Она тихо вздохнула и обратилась к девочке:
— Герцогиня хочет, чтобы я передала ответ с тобой, или я могу отослать его позднее?
— Она… она хочет, чтобы вы прочли письмо и пошли со мной.
Сестра Утта снова вздохнула. У нее накопилось множество дел. Прежде всего, она должна была подмести пол в храме. Затем наполнить большую чашу зернами для птиц, поднявшись по лестнице под самую крышу. К тому же предстояло написать несколько писем. Одна из сестер, старейшая в ордене, тяжко заболела, и не было сомнений, что в ближайшие дни она завершит свой земной путь. Об этом следовало сообщить ее родственникам, хотя вряд ли кто-то из них пожелает проститься с умирающей. Тем не менее отказаться от приглашения герцогини не представлялось возможным, особенно в эти тревожные дни, когда орден Зории лишился своих могущественных защитников. Хендон Толли не скрывал своего презрения к Утте и прочим сестрам: он насмешливо называл их «белыми мухами» и откровенно говорил о том, что помещение, отданное под святилище, принесло бы больше пользы в качестве апартаментов для кого-нибудь из его бесчисленных родственников. Нет, сестра Утта никак не могла рисковать расположением герцогини Мероланны, одной из последних покровительниц ордена.
Быть может, герцогиня тоже захворала, с беспокойством подумала сестра Утта. Несмотря на то что их разделяло общественное положение и несходство характеров, жрица любила Мероланну и чувствовала родственную душу лишь в ней одной из всех обитателей замка — разумеется, не считая остальных служительниц Зории.
— Конечно, я сейчас же приду, — кивнула Утта и развернула письмо.
Там содержалось приглашение последовать за девочкой, уже переданное на словах. Записка заканчивалась странной просьбой: «Если у вас есть очки, захватите их с собой».
Очков у сестры Утты не было, поэтому она сделала девочке знак идти и сама двинулась за ней.
«Любопытно, зачем герцогине понадобилось, чтобы я принесла очки? — гадала жрица. — Может, она попросит меня что-нибудь прочесть или написать?
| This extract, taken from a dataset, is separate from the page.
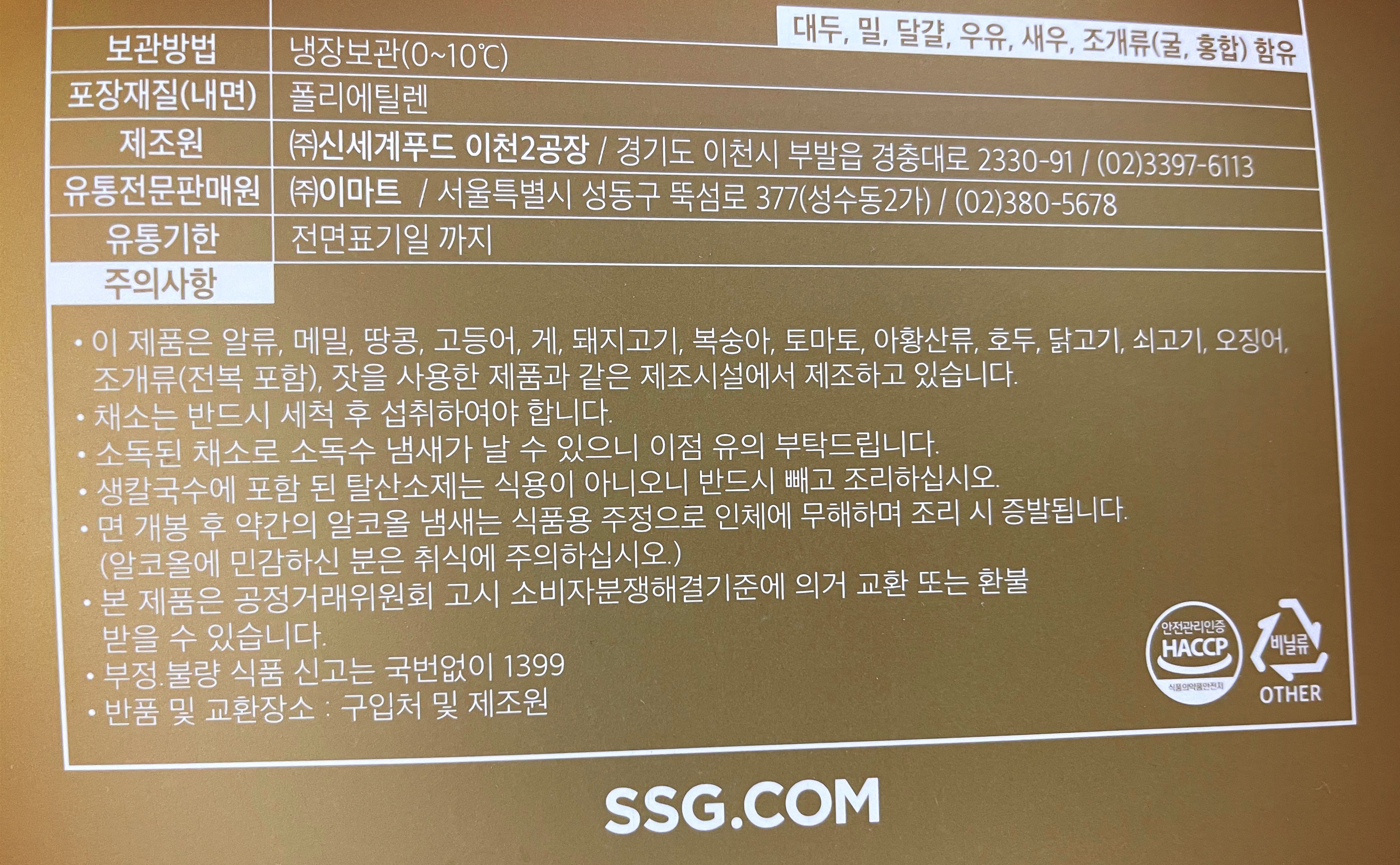 제조원 (주)신세계푸드: 경기도 이천시 부발읍 경충대로 2330-91 ( 02-3397-6113)

Маловероятно. Мероланна получила прекрасное образование и отлично обходится без посторонней помощи».
Шагая вслед за Эйлис по пустынным залам, сестра Утта невольно отметила, что обстановка замка соответствует унылой зимней погоде, царящей снаружи. Половина факелов не горела, длинные коридоры тонули в сумраке. Голоса, доносившиеся из-за дверей, были словно приглушены густой пеленой тумана. Люди, попадавшиеся им навстречу, по большей части слуги, бледностью и безмолвием напоминали призраков.
«Наверное, всех угнетает близость врага, — предположила сестра Утта. — Вот уже целый месяц воинство сумеречного народа стоит на другом берегу пролива. Они не предпринимают никаких попыток захватить замок, но близость неприятеля тревожит. Да еще близнецы исчезли. А может, причина всеобщего уныния не только в этом? Храни нас всех Белая Дочь, я не понимаю, что творится в этом мире. Никогда прежде замок не был таким мрачным, холодным и пустынным».
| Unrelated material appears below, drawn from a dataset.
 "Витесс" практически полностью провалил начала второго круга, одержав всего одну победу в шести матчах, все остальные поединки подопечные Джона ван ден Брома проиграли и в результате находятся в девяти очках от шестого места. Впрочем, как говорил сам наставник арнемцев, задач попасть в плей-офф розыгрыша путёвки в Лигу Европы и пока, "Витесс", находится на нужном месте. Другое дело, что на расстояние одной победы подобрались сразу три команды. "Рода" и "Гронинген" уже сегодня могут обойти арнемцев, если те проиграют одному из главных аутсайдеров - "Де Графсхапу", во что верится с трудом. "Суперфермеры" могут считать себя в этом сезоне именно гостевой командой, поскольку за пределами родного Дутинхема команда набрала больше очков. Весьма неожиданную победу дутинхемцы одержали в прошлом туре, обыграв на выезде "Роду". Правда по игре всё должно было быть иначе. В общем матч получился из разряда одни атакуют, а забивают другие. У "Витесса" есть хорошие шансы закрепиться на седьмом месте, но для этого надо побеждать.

Войдя в покои герцогини, Эйлис оставила жрицу в гостиной, в обществе занятых рукоделием молчаливых фрейлин и горничных, и постучала в дверь спальни.
— Сестра Утта здесь, ваша светлость.
— Хорошо, — раздался в ответ негромкий, но твердый голос Мероланны.
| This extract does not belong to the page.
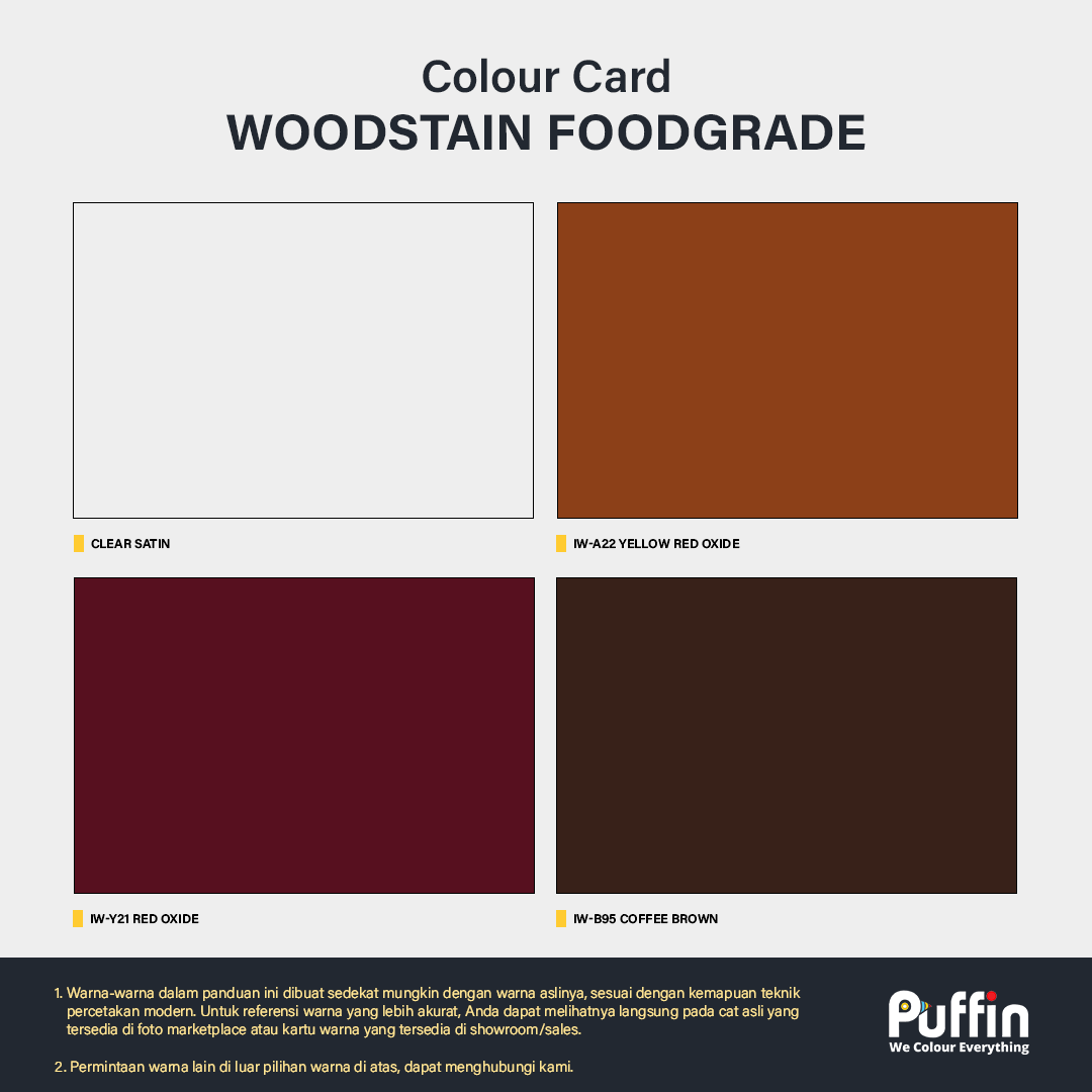 Pewarna dan wax berbahan dasar alami, sangat aman untuk peralatan berbahan kayu yang tersentuh makanan. Produk ini membuat warna kayu lebih kuat, keras dan awet.

Сестра Утта вздохнула с облегчением — судя по голосу, герцогиня была здорова.
— Пригласи ее войти, дитя мое. А сама оставайся в гостиной.
Когда сестра Утта вошла, она с удивлением обнаружила, что герцогиня полностью одета, волосы ее уложены в высокую прическу, а старческие щеки густо напудрены. Создавалось впечатление, что она готовится к какой-то придворной церемонии, однако Мероланна сидела на краешке кровати понурая, как наказанный ребенок. В руке она держала исписанный листок. Герцогиня рассеянно взмахнула им, указывая жрице на кресло, достаточно широкое, чтобы принять даму в пышном придворном платье. Сестра Утта в своем скромном одеянии чувствовала себя в этом кресле горошиной на большой тарелке.
— Чем я могу служить вам, ваша светлость? — осведомилась она.
Мероланна вновь взмахнула листком бумаги, словно пыталась отогнать назойливую муху.
— Мне кажется, сестра, я схожу с ума, — произнесла она. — А может, с ума сошел этот мир.
— Ваша светлость?..
— Вы принесли очки?
— Я не пользуюсь очками, ваша светлость. Пока обхожусь без них. Хотя, конечно, глаза у меня уже не те, что прежде…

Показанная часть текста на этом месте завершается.